RECORDS PROVIDED:
____

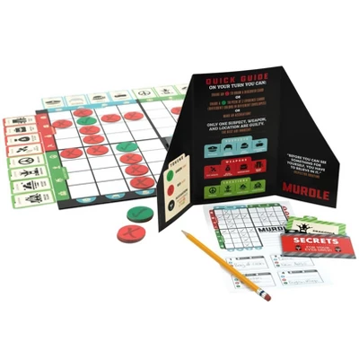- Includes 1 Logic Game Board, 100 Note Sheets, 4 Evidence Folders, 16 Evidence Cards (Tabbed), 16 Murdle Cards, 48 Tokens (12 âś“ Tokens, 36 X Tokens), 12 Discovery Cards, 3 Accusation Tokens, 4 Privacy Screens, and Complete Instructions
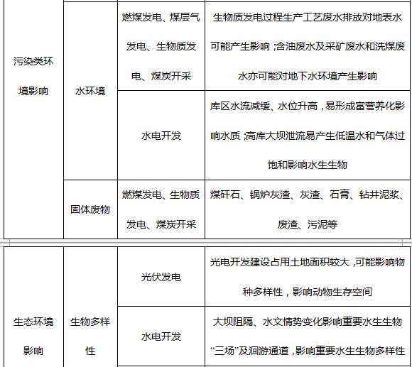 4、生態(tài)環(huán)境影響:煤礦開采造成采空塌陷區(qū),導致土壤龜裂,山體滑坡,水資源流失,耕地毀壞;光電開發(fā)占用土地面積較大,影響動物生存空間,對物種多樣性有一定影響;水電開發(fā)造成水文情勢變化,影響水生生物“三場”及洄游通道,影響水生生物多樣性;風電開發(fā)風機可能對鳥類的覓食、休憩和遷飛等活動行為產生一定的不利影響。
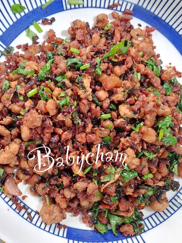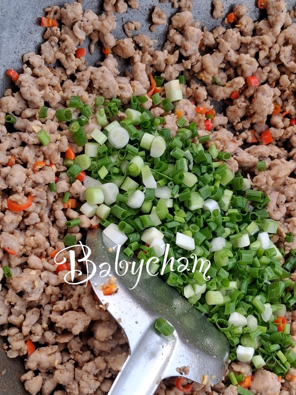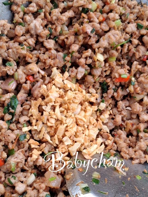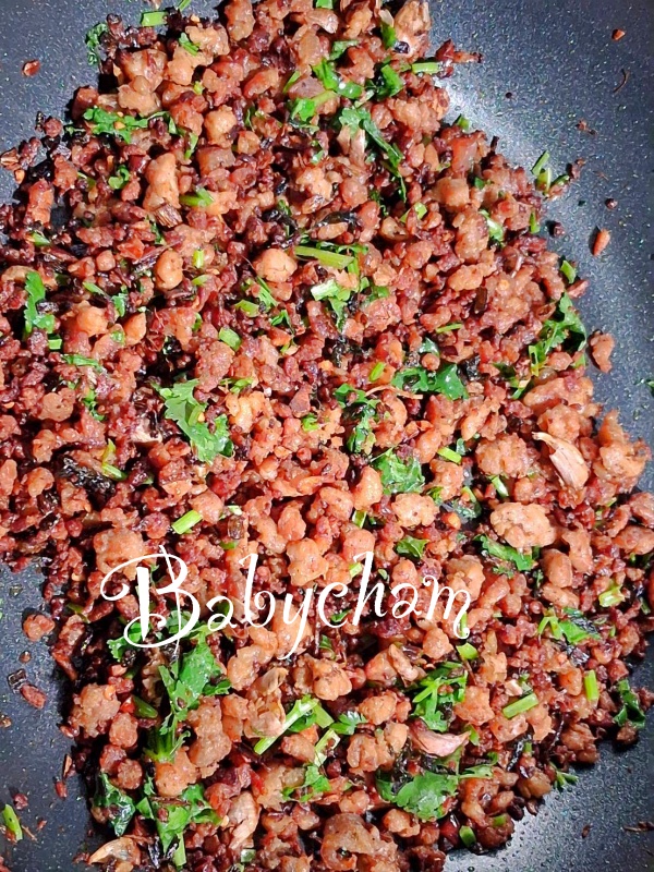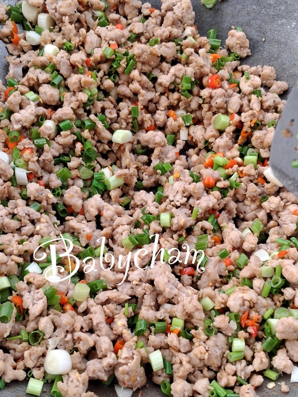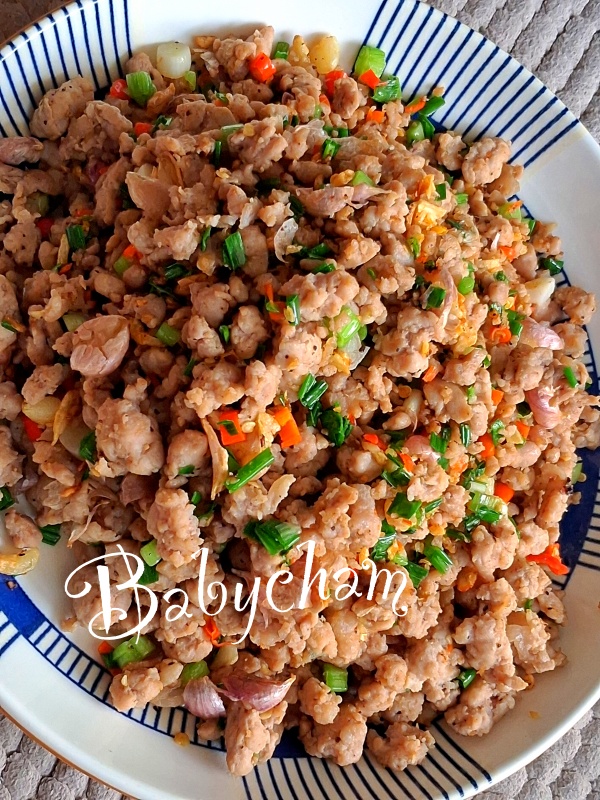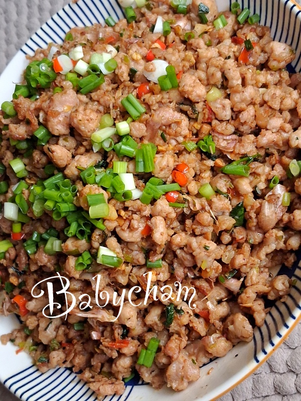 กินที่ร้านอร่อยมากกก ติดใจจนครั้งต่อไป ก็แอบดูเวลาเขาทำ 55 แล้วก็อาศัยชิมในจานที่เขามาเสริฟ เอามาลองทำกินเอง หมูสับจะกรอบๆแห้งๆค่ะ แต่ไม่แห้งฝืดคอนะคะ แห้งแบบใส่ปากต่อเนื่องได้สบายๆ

____

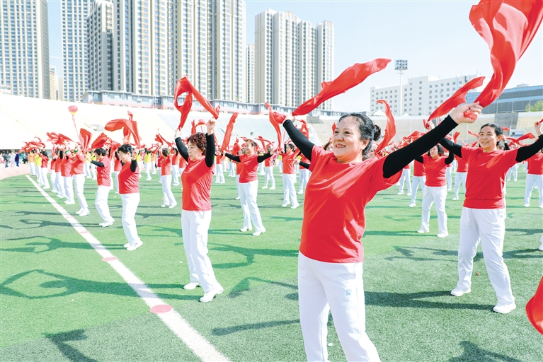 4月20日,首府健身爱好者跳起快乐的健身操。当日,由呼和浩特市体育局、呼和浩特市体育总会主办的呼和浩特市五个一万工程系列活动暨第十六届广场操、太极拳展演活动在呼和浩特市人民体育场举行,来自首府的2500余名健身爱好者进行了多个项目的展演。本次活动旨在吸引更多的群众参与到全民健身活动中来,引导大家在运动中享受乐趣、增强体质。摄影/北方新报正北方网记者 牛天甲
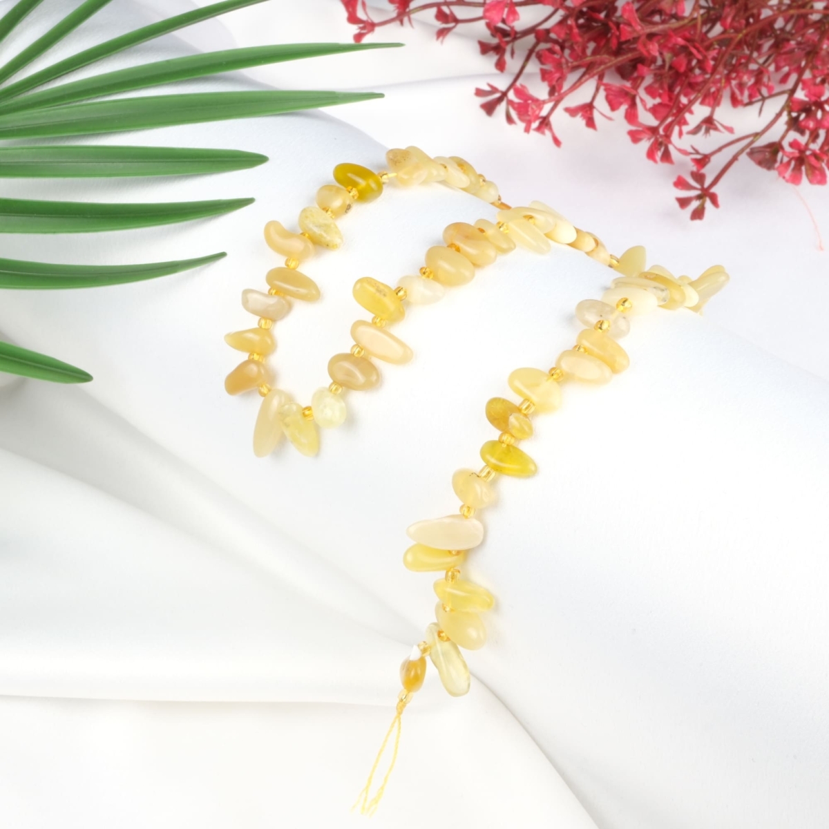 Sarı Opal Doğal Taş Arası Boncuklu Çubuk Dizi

____

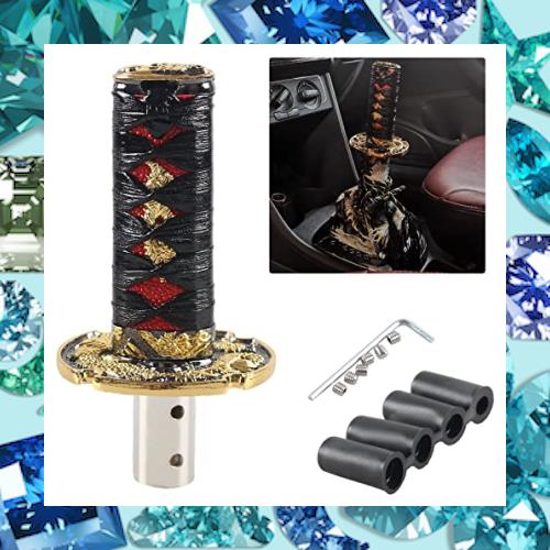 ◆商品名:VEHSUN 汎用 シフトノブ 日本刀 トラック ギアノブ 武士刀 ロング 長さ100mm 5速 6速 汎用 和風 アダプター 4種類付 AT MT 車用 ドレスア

____

ACTION ITEM: Go back to the listing above and reproduce, exactly, the stretch from the line bearing "- Includes 1" through the line bearing "กินที่ร้านอร่อยมากกก ติดใจจนครั้งต่อไป ก็แอบดูเวลาเขาทำ", without its pictures.

EXERCISE OUTPUT:
- Includes 1 Logic Game Board, 100 Note Sheets, 4 Evidence Folders, 16 Evidence Cards (Tabbed), 16 Murdle Cards, 48 Tokens (12 âś“ Tokens, 36 X Tokens), 12 Discovery Cards, 3 Accusation Tokens, 4 Privacy Screens, and Complete Instructions
 4、生態(tài)環(huán)境影響:煤礦開采造成采空塌陷區(qū),導致土壤龜裂,山體滑坡,水資源流失,耕地毀壞;光電開發(fā)占用土地面積較大,影響動物生存空間,對物種多樣性有一定影響;水電開發(fā)造成水文情勢變化,影響水生生物“三場”及洄游通道,影響水生生物多樣性;風電開發(fā)風機可能對鳥類的覓食、休憩和遷飛等活動行為產生一定的不利影響。
 กินที่ร้านอร่อยมากกก ติดใจจนครั้งต่อไป ก็แอบดูเวลาเขาทำ 55 แล้วก็อาศัยชิมในจานที่เขามาเสริฟ เอามาลองทำกินเอง หมูสับจะกรอบๆแห้งๆค่ะ แต่ไม่แห้งฝืดคอนะคะ แห้งแบบใส่ปากต่อเนื่องได้สบายๆ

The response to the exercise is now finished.